And that’s why the team created a Helm-operator based on Lostromos (a tool for expanding Helm charts without running a tillers erver) that makes it easy to use a Helm chart for templating but still add additional lifecycle on top:

https://github.com/operator-framework/helm-app-operator-kit

The templating aspect of Helm and the set of quality content is complementary to being able to add higher level lifecycle.

hardwaresofton · on May 2, 2018

tl;dr - this is a rant. the operator pattern should stay a pattern. "framework" and "application" are meaningless these days. Stop trying to make things so easy a "monkey could do it".

No no no no no. The words "framework" and "application" are so meaningless now that even reading this post is draining.

CoreOS pioneered the Operator pattern, but I think building up that pattern into a framework to get people developing it away from the knowing the basics of k8s is such a mistake. The operator pattern falls out of the primitives that k8s offers (there's literally a concept called a controller) -- this makes it seem like another app platform. I think the level of abstraction isn't even right, this is like trying to enable people to write daemons without knowing anything about linux or signals or processes.

Then again, I also dislike tools like Helm because they do the same thing. Why is everyone so in a rush to make inevitably leaky abstractions to make everything so easy a monkey could do it? All you're doing is encouraging cookie cutter programmers to write cookie cutter poorly understood code that will break on someone inevitably.

All essential complexity introduced by features in the layer below an abstraction cannot be simplified, it can only be hidden or removed. It is OK for things to be hard, as long as they are simple (in the rich hickey easy vs simple analogy).

pgalgali · on May 13, 2018

Can we use Operator Framework for building operators that also require new api server using api aggregator?

cookiecaper · on May 1, 2018

> You may be familiar with Operators from the concept’s introduction in 2016. An Operator is a method of packaging, deploying and managing a Kubernetes application.

"Operators", as introduced in 2016, were just bespoke Go programs that communicated with Kubernetes internals in a pretty low-level way.

You were writing special-case plugins for Kubernetes, but they didn't want to make it sound that way, because I guess that just doesn't sound hip or devopsy. This branding exercise worked out for CoreOS -- Red Hat just bought them.
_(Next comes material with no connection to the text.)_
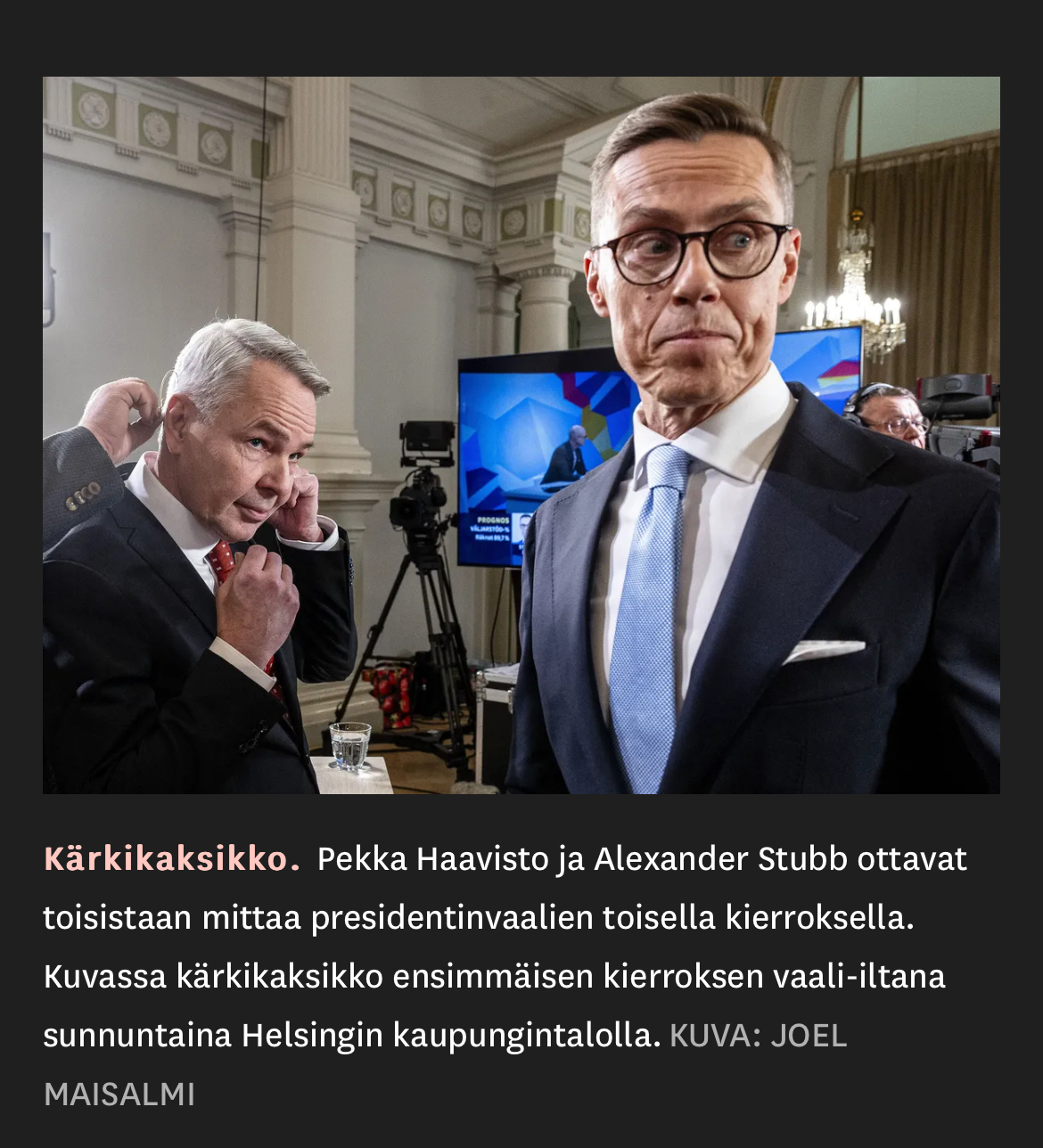 The other election in Finland last weekend was for the President, and a run-off between two white liberal men. I detected something in the way certain men talked about Alex Stubb having a “British Lawyer Wife” – why? Because she sounds like a trophy wife for cosmopolitan businessmen? Or to draw a subtle comparison to Haavisto and his Ecuadorean hairdresser husband? What are we supposed to be noticing here?

This whole space is massively infused with bullshit. It's because all of these companies want to make money selling you cloud stuff, because it's profitable to rent computers at 3-5x the TCO. Google especially is hungry to claw back the lead in the cloud space from Amazon, and it's not hard to conceive why Kubernetes doesn't seem to work without fuss anywhere except GKE, or to understand the massive marketing dollars that Google is pumping into this whole Kubernetes farce (and for the record, Google seems to consider HN an important platform for k8s PR; I've been censured after too many Googlers found my k8s-skeptical posts "tedious").

Anyway, I guess that's neither here nor there. Just annoyed at what is by now the totally conventional status quo of overhyped empty promises made by people who seem more like ignorant promoters and fanboys than serious engineers.

This "Operator Framework" seems to be the same concept of Operators, just with additional library support for the plugins -- err, "Operators". It may be a good improvement, will have to research more.

atombender · on May 2, 2018

Operators are just a pattern, not a technology.

I think they chose "operator" over the more traditional "controller" because the latter can be quite simple, whereas an operator is potentially a combination of several things, including CRDs, API extensions, and controllers. For example, an operator might start different controllers depending on what cloud it's deploying to. It's a useful distinction; if someone says "I'm using this operator for X", I instantly know what they mean.

FWIW, I'm one of those who remember your name, simply because you pop up in every Kubernetes discussion with a predictably contrarian, long-winded opinion. I don't know what you're getting out of it. In this case, you're not wrong — but the curmudgeonly, somewhat tone deaf way that you go about it isn't very nice, which probably explains the downvotes.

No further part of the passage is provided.